Borders in Cyberspace:
Conflicting Public Sector Information Policies
and their Economic Impacts
Summary
Report
Peter Weiss
U. S.
Department of Commerce
National
Oceanic and Atmospheric Administration
National
Weather Service
February
2002
Disclaimer
The views
expressed in this paper are those of the author and do not necessarily
represent those of the U.S. National Weather Service. Contract support from
Yvette Pluijmers, Pricewaterhouse Coopers, is gratefully acknowledged.
Many nations are embracing the concept of open and
unrestricted access to public sector information -- particularly scientific,
environmental, and statistical information of great public benefit. Federal information policy in the US
is based on the premise that government information is a valuable national
resource and that the economic benefits to society are maximized when taxpayer
funded information is made available inexpensively and as widely as possible.
This policy is expressed in the Paperwork Reduction Act of 1995 and in Office
of Management and Budget Circular No. A-130, “Management of Federal Information
Resources.”[1] This policy actively encourages the
development of a robust private sector, offering to provide publishers with the
raw content from which new information services may be created, at no more than
the cost of dissemination and without copyright or other restrictions.
In other
countries, particularly in Europe, publicly funded government agencies treat
their information holdings as a commodity used to generate short-term revenue.
They assert monopoly control on certain categories of information to recover
the costs of its collection or creation. Such arrangements tend to preclude
other entities from developing markets for the information or otherwise
disseminating the information in the public interest.
In the US, open and unrestricted
access to public sector information has resulted in the rapid growth of
information intensive industries particularly in the geographic information and
environmental services sectors. Similar growth has not occurred in Europe due
to restrictive government information practices. As a convenient shorthand, one
might label the American and European approaches as ‘open access’ and ‘cost
recovery’, respectively. The cost recovery model is now being challenged on a
variety of grounds:
·
Economists
argue that the benefits to the American Treasury that accrue from corporate and
individual taxes from the secondary publishing and service activities
stimulated by open access policies far exceed any revenues that might be
generated through cost recovery policies;
·
Cost
recovery policies often mean that budgetary constraints prevent some government
agencies from acquiring information that has already been created or collected
by another part of government, resulting in agencies either doing without or
using inferior alternatives;
·
No one
supplier, public or private, can design all information products required to
meet the needs of all users in a modern information-based economy. Private
sector intermediaries are increasingly important players in the rapidly
developing information economy;
·
European
information service providers are increasingly frustrated at the competitive
advantages enjoyed by their American counterparts;
·
A
recognition that efforts to build transnational data sets, be they
meteorological or environmental (where serious problems have already arisen),
statistical or cartographic, are hampered by national agencies bent on preserving
intellectual property to pursue local cost recovery policies;
·
A
growing understanding of the wealth creating possibilities (‘prosperity
effects’ in the words of one Dutch study) that arise from a common information
base (e.g. US street mapping) or software standard (e.g. the World Wide Web).

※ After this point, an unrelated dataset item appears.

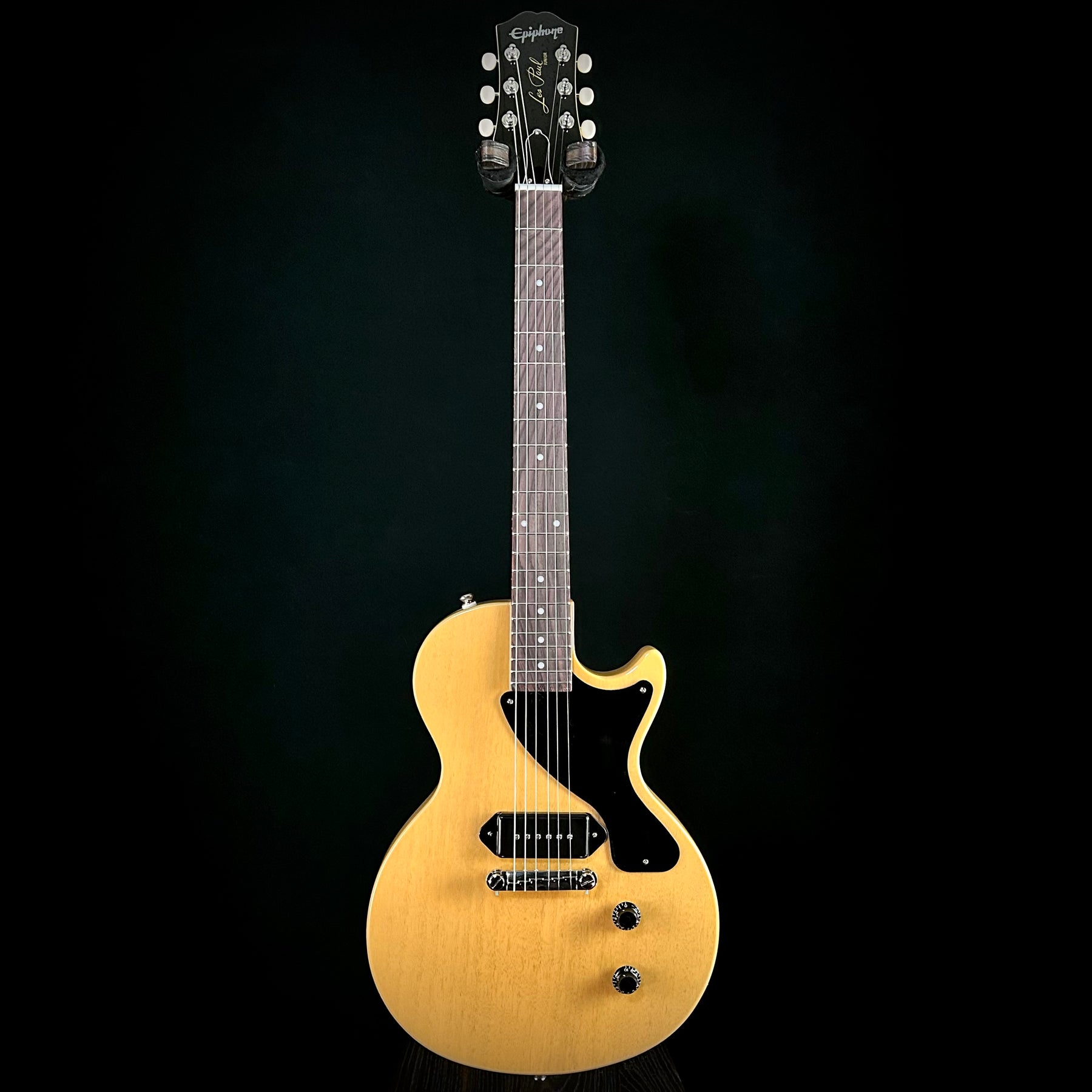 The Les Paul Junior was first introduced in 1954 as an affordable option for students and beginners, featuring a stripped-down design with a slab mahogany body and single pickup. This guitar quickly gained favor among professional musicians for its raw, unfiltered tone and sonic purity. The single-cutaway mahogany body delivers punchy midrange and impressive sustain, while the single dogear P-90 pickup provides biting, articulate sound that responds dynamically to playing style. With simplified master volume and tone controls, this guitar offers straightforward operation for classic rock, blues, and punk styles.

This report examines fundamental differences in
the policy and funding models for public sector information (PSI) in the US as
compared to Europe. The following figure illustrates these differences.
This report seeks to demonstrate the economic
and societal benefits of open access and dissemination policies for public
sector information, particularly as compared to the limitations of the “cost
recovery” or “government commercialisation” approach.
It focuses primarily on the
conclusions of recent economic and public policy research in this area, as well
as examples of failed or limited cost recovery experiments in the US and
Europe. Emerging European thinking on the issue of government competition with
the private sector, and recent developments at the European Commission level
and in selected European countries are briefly summarized. [2]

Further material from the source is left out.